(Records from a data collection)
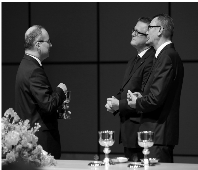
Umjesto pokojnih apostoli primaju Svetu večeru

A što govori meni, to govori i mnogim vjernicima. Nastojmo svoju zahvalnost prema Duhu Svetomu pokazati i time što uzimamo hranu koju on priprema.
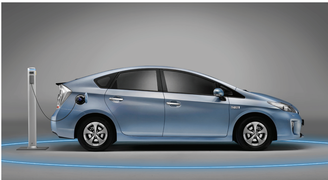
מבין סוגי הרכב שנבדקו במחקר, העלות לק"מ ברכב היברידי נטען (Plug-in Hybrid) היא הגבוהה ביותר

היא טרם הבשילה לכדי שימוש בקנה מידה רחב, ועומדים בפניה אתגרים בנושאי עלות, זמן טעינה ומגבלות טווח נסיעה - שאף הולידו את המושג "חרדת טווח".
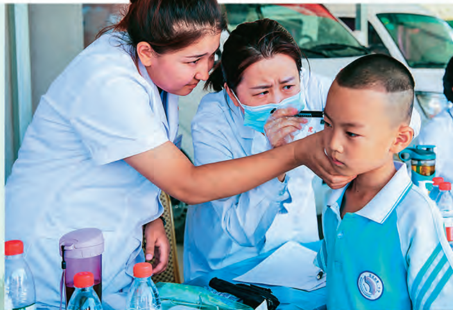
▶喀什市东湖街道东湖社区党总支开展“亮身份、践承诺、当先锋”活动,聚焦急难愁盼倾心服务群众。
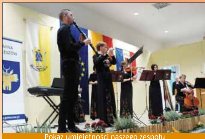
Pokaz umiejętności naszego zespołu
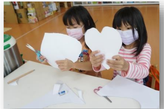
討論想要設計成陀螺的造型
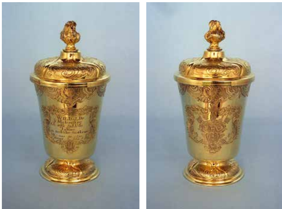
Abb. 10-11: Vorder- und Rückansicht des Taufbechers (Dr. Eva Toepfer, Bech-Kleinmacher, Luxemburg)

das Wappen des hl. Theodor, für den Konvent. In dem großen Dreischildwappen darunter sind Stifts- und Konventwappen mit dem persönlichen Wappen des 1751 amtierenden Abtes Anselm Erb – in Blau ein silberner, goldgefasser Pfahl mit drei roten, sechs Zackigen Sternen – kombiniert.
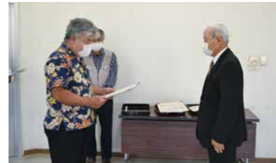
▲町文化協会会長(左)から受賞者(右)への伝達表彰の様子
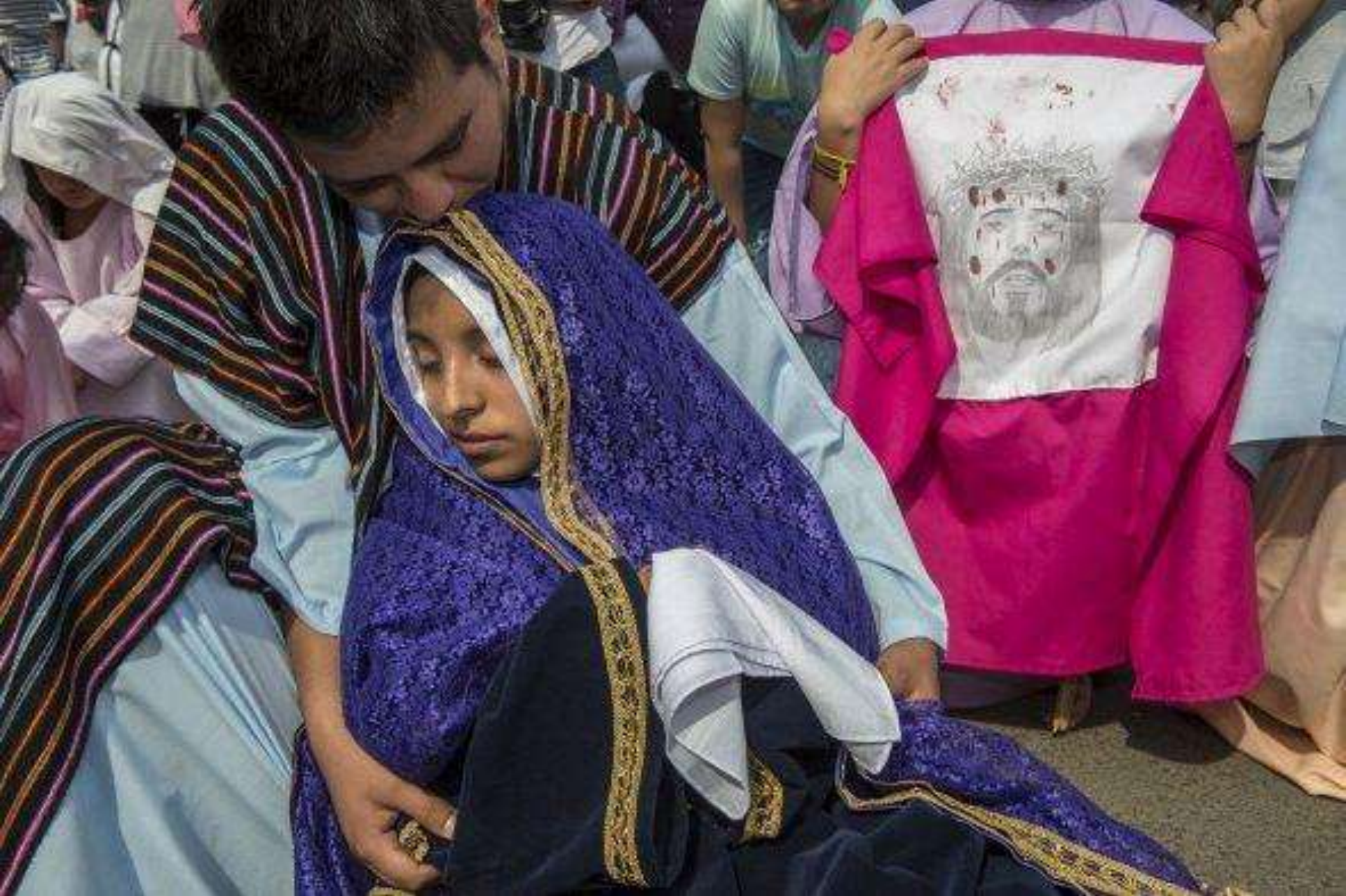
Participan cientos de actores y es seguida por miles de personas
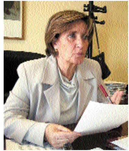
La vicerrectora de Alumnos

El Vicerrectorado de Alumnos recibe a 5.000 alumnos en los campus y estrecha sus contactos con los centros de Secundaria
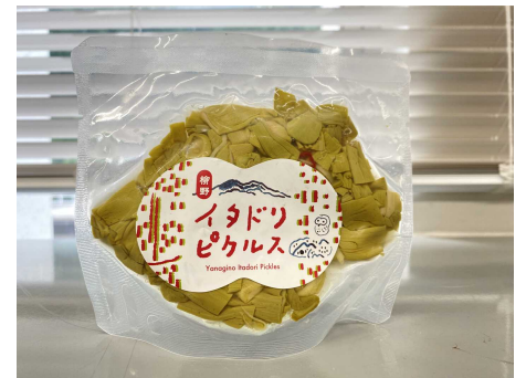
イタドリピクルス

* Task prompt:
Write out every line above exactly as it is, leaving out the pictures.

* Result of this exercise:
Umjesto pokojnih apostoli primaju Svetu večeru

A što govori meni, to govori i mnogim vjernicima. Nastojmo svoju zahvalnost prema Duhu Svetomu pokazati i time što uzimamo hranu koju on priprema.
מבין סוגי הרכב שנבדקו במחקר, העלות לק"מ ברכב היברידי נטען (Plug-in Hybrid) היא הגבוהה ביותר

היא טרם הבשילה לכדי שימוש בקנה מידה רחב, ועומדים בפניה אתגרים בנושאי עלות, זמן טעינה ומגבלות טווח נסיעה - שאף הולידו את המושג "חרדת טווח".
▶喀什市东湖街道东湖社区党总支开展“亮身份、践承诺、当先锋”活动,聚焦急难愁盼倾心服务群众。
Pokaz umiejętności naszego zespołu
討論想要設計成陀螺的造型
Abb. 10-11: Vorder- und Rückansicht des Taufbechers (Dr. Eva Toepfer, Bech-Kleinmacher, Luxemburg)

das Wappen des hl. Theodor, für den Konvent. In dem großen Dreischildwappen darunter sind Stifts- und Konventwappen mit dem persönlichen Wappen des 1751 amtierenden Abtes Anselm Erb – in Blau ein silberner, goldgefasser Pfahl mit drei roten, sechs Zackigen Sternen – kombiniert.
▲町文化協会会長(左)から受賞者(右)への伝達表彰の様子
Participan cientos de actores y es seguida por miles de personas
La vicerrectora de Alumnos

El Vicerrectorado de Alumnos recibe a 5.000 alumnos en los campus y estrecha sus contactos con los centros de Secundaria
イタドリピクルス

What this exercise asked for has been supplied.